[Given records — start]

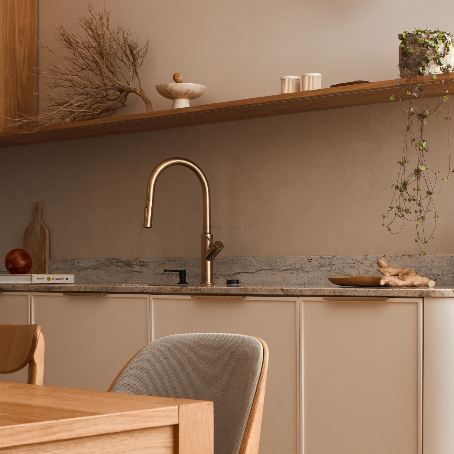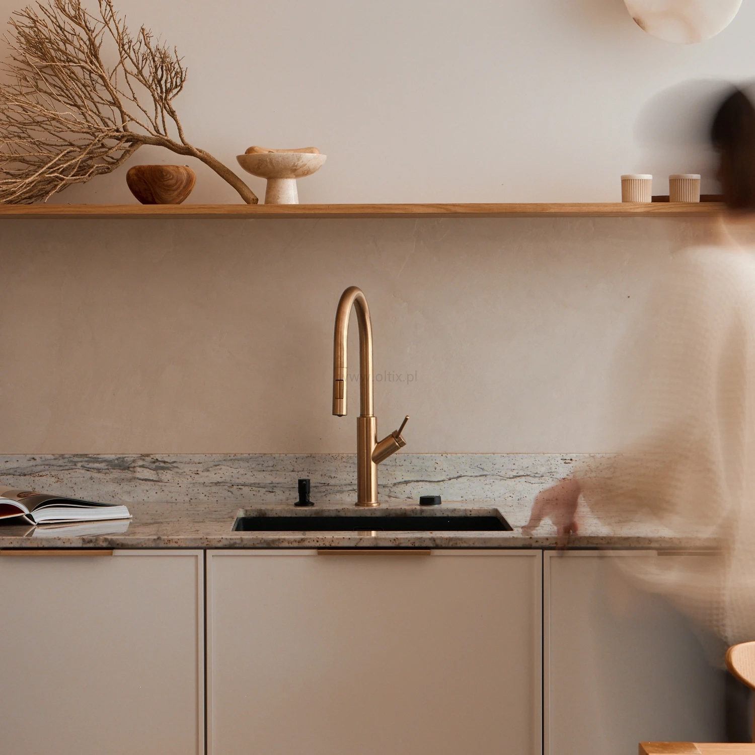 Bateria kuchenna OMNIRES BEND wyróżnia się piękną, minimalistyczną formą opartą na okręgach i łukach. Bateria o wysokości 44,9 cm wyposażona jest w obrotową, wyciąganą wylewkę z 2-funkcyjnym prysznicem, co zwiększa zasięg strumienia wody i wygodę użytkowania. Bateria została wykonana z wysokogatunkowego mosiądzu oraz wyposażona w najwyższej jakości głowicę ceramiczną. Innowacyjne rozwiązania technologiczne zapewniają najwyższy komfort użytkowania oraz pozwalają zredukować zużycie wody o połowę.
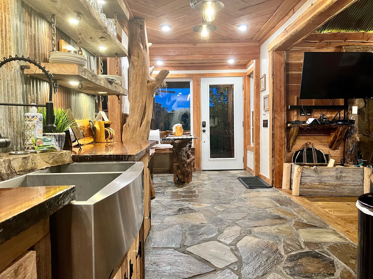 MÍNIMO 3 NOCHES EL 4 DE julio. leña DE cortesía Y uso DE fogata. Entrega de comida y comestibles. Darling Studio Addition Private Covered Patio, Full Kitchen, queen size wall bed. Increíble ducha con suelo de guijarros con tocador de mármol en el baño. Esta unidad es mi más pequeña, es como quedarse en una casa pequeña. Tiene el patio cubierto más grande. No hay vista al lago , sin embargo, tienes acceso al frente del lago caminando por el lado derecho de la propiedad. Fogata de pesca.
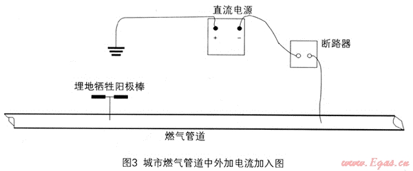 城市燃?xì)夤艿琅c長輸燃?xì)夤艿老啾?,布局?fù)雜,支管多,管道周圍干擾因素多,燃?xì)庑孤┰斐傻奈:Υ螅仨殞Τ鞘腥細(xì)夤芫W(wǎng)進(jìn)行定期的防腐層檢測,確保安全[4]。目前我國的城市燃?xì)夤芫W(wǎng)陰極保護(hù)主要采取犧牲陽極方法,而DCVG檢測技術(shù)需要外加電源,所以應(yīng)用時(shí)須在燃?xì)夤艿乐屑又绷麟娏鳌V绷麟娫吹耐饧尤鐖D3所示:可調(diào)節(jié)的直流電源正極接地,負(fù)極通過閥門測試樁或閥門井與燃?xì)夤艿辣谶B接,負(fù)極與燃?xì)夤艿乐g接電路通斷器來實(shí)現(xiàn)管路電流的周期性通斷。
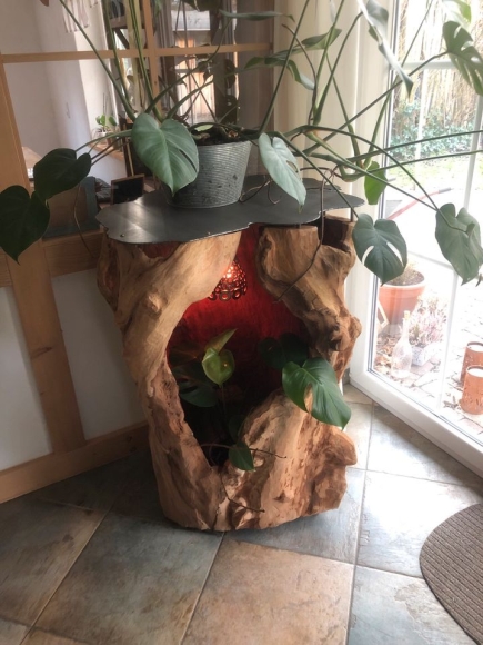 Zu verkaufen ist hier ein ca. 170 Jahre alter Birnbaumstamm, ausgestattet mit einer Abdeckplatte aus Stahl und einer LED Lampe mit Farbwechsel. Das Projekt war sehr viel Arbeit.
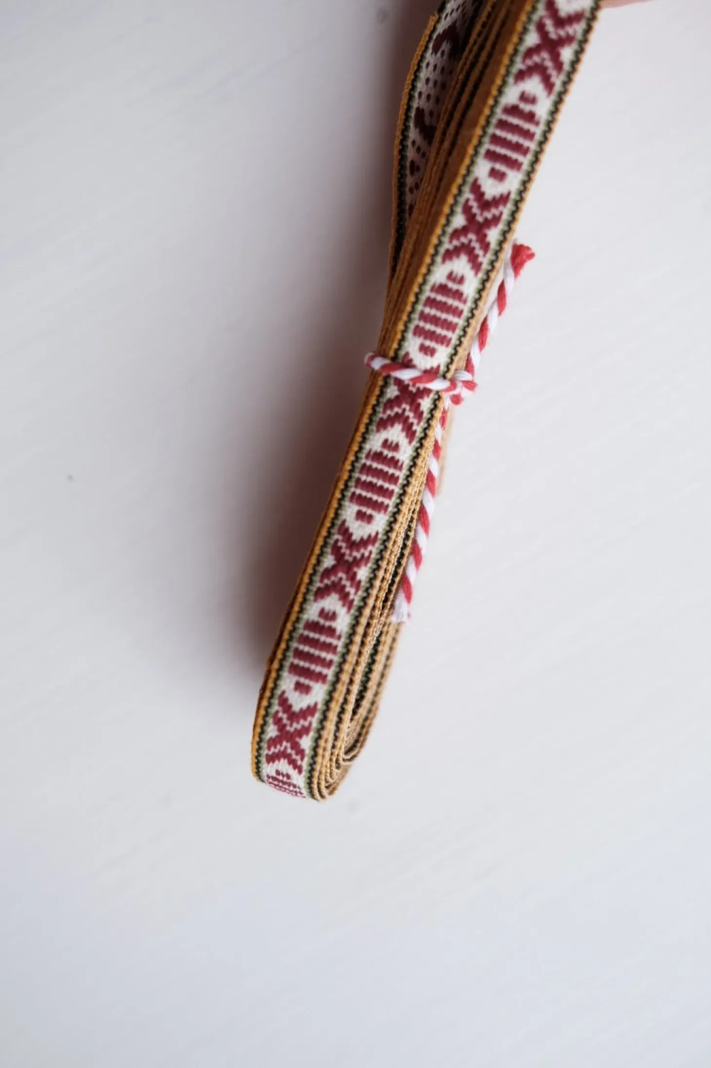 Gavebånd i bomuld med svenske mønstre. De er alle nogle ret flotte farver. De kan bruges til at pakke gaver ind, men også hænge julepynt op i.
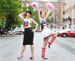 Dancers Nelly Devine (bowler hat) and ‘Rococo Belle’ celebrate the impending visits of Obama and Her Maj in colours provided by The International Make Up Acadamey.
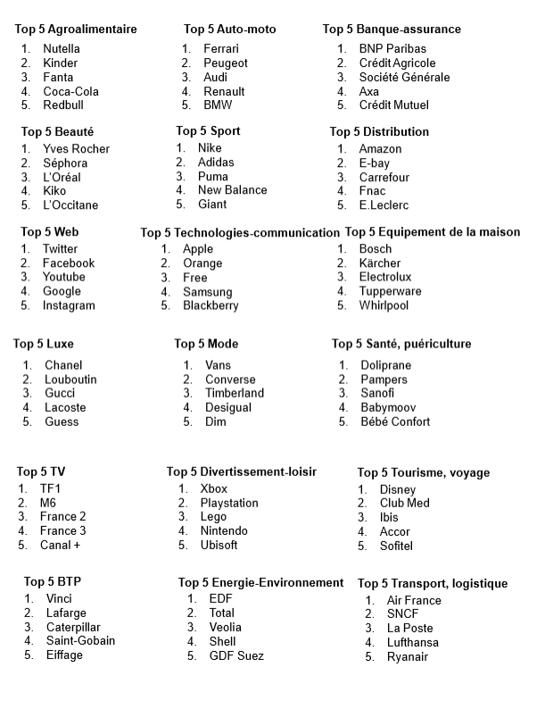 SNCF est en 22ème position alors que l'entreprise ferroviaire communique peu. La marque Ferrari elle-même qui ne fait pas de publicité domine les marques automobiles. Yves Rocher est devant L'Oréal, Louboutin devant Dior, Amazon devant Carrefour.
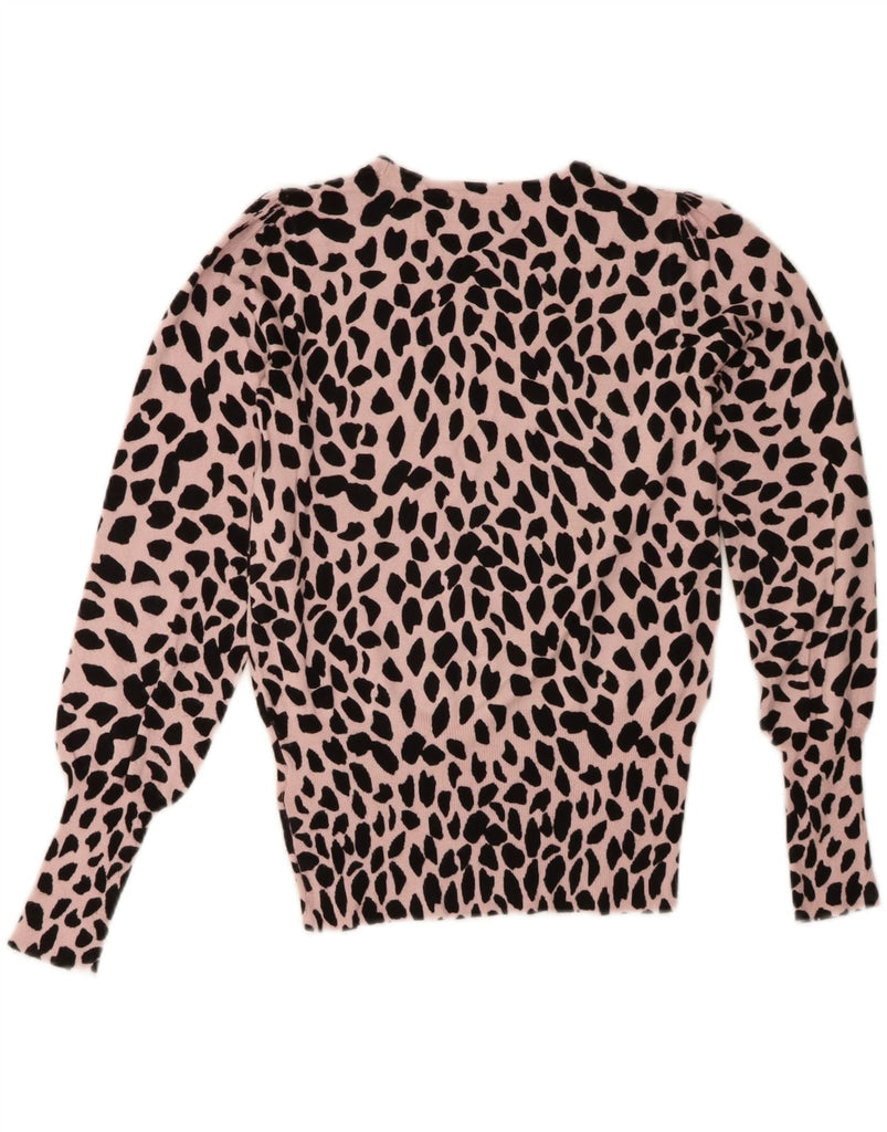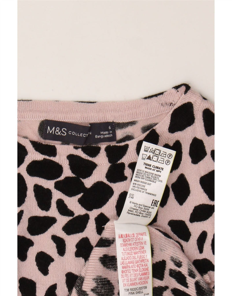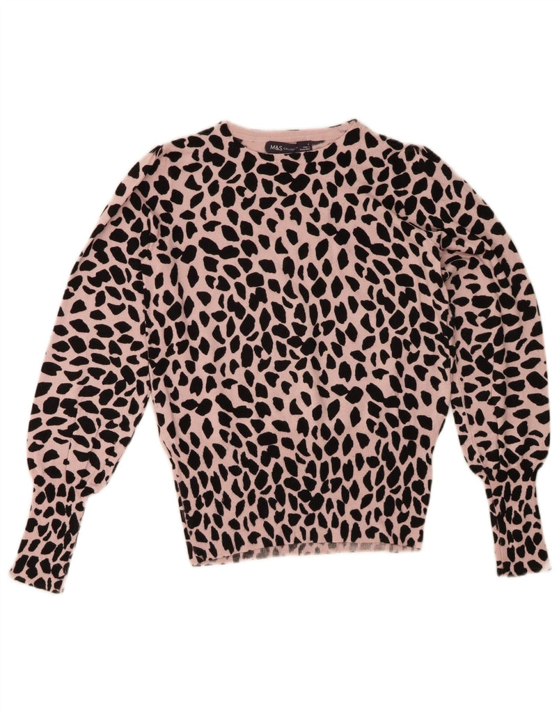 MARKS & SPENCER Womens Crew Neck Jumper Sweater UK 6 XS Pink Animal Print
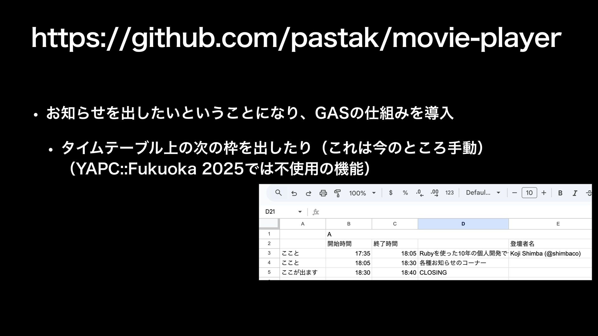 IUUQTHJUIVCDPNQBTUBLNPWJFQMBZFS w ࣾͷΠϕϯτͳͲͰαΠωʔδతͳΈΛಋೖ͢ΔͨΊʹ։ൃ w ͓Βͤදࣔ࣍ͷλΠϜςʔϒϧͷҊ w Πϕϯτ͝ͱʹదʹϑΝΠϧͳͲΛஔͯ͠(JUIVC1BHFTͰಈ͔͍ͯͨ͠ w Ͳͷ1$ͰαΠωʔδΛͤ͞ΒΕͯศར w
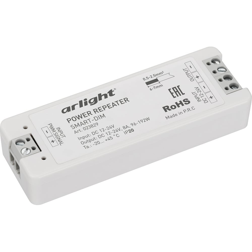 Дополнительные характеристики усилителя Arlight SMART-DIM 0 23829: Материал корпуса - пластик. Каналы управления - 1 CH (1 канал Mono). Ток нагрузки - max: 8A. Выходная мощность - min: 96W; max: 192W. Габариты - 97x33x18 мм.
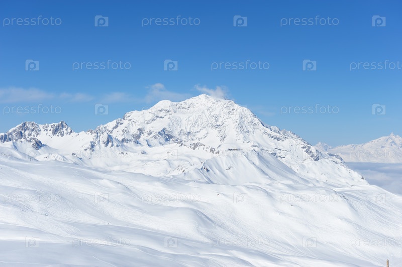 Горы в снегу зимой, Валь-д'Изер, Альпы, Франция
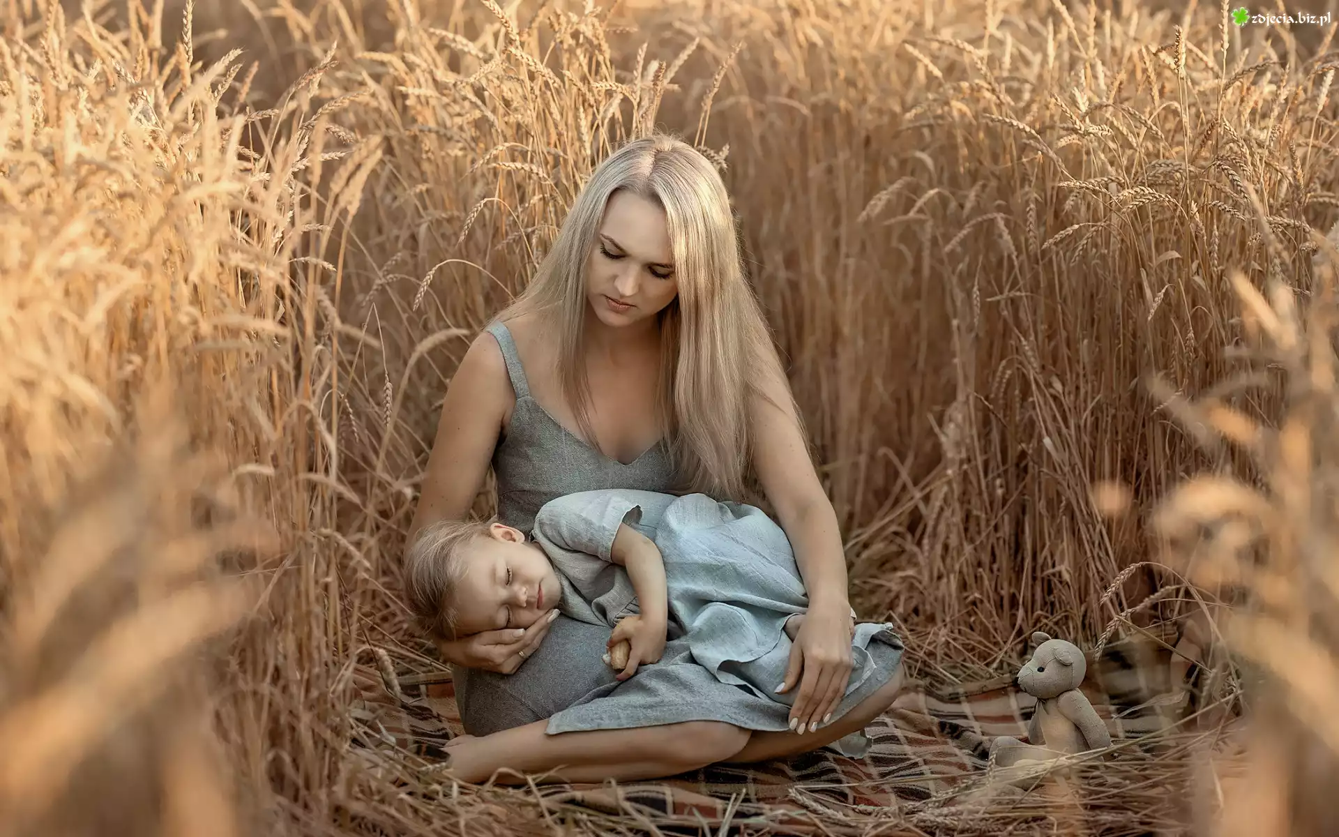 Zdjęcie, Pole, Zboże, Kobieta, Dziewczynka, Dziecko, Matka, Córka
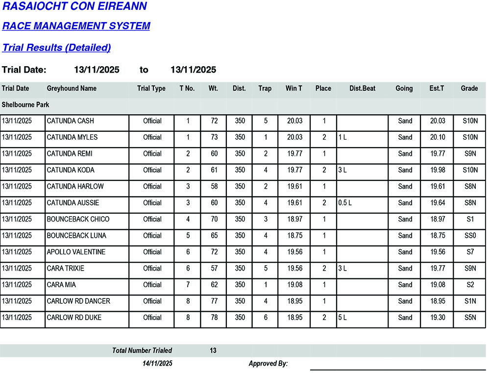 Shelbourne Park Trial Results Thursday 13/11/2025:
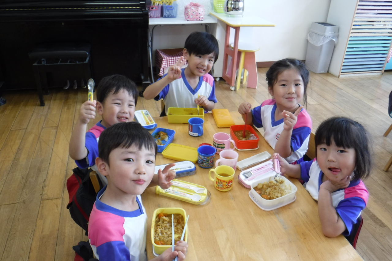 野菜を切ってくれた年長さんと一緒に、カレーを食べました!
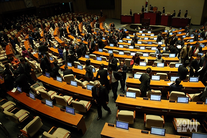 2일, 서울 여의도 국회 본회의장에서 열린 이완구 국무총리 후보자에 대한 인사청문회 관련 국회 본회의가 종료된 가운데, 의원들이 본회의장을 나서고 있다.

[Given records — finish]

- Problem statement -
Please write out exactly the lines from the one containing "Dziecko, Matka, Córka" through the last line of the records above, and leave out any pictures.

- Written solution -
 Zdjęcie, Pole, Zboże, Kobieta, Dziewczynka, Dziecko, Matka, Córka
 Shelbourne Park Trial Results Thursday 13/11/2025:
 野菜を切ってくれた年長さんと一緒に、カレーを食べました!
 2일, 서울 여의도 국회 본회의장에서 열린 이완구 국무총리 후보자에 대한 인사청문회 관련 국회 본회의가 종료된 가운데, 의원들이 본회의장을 나서고 있다.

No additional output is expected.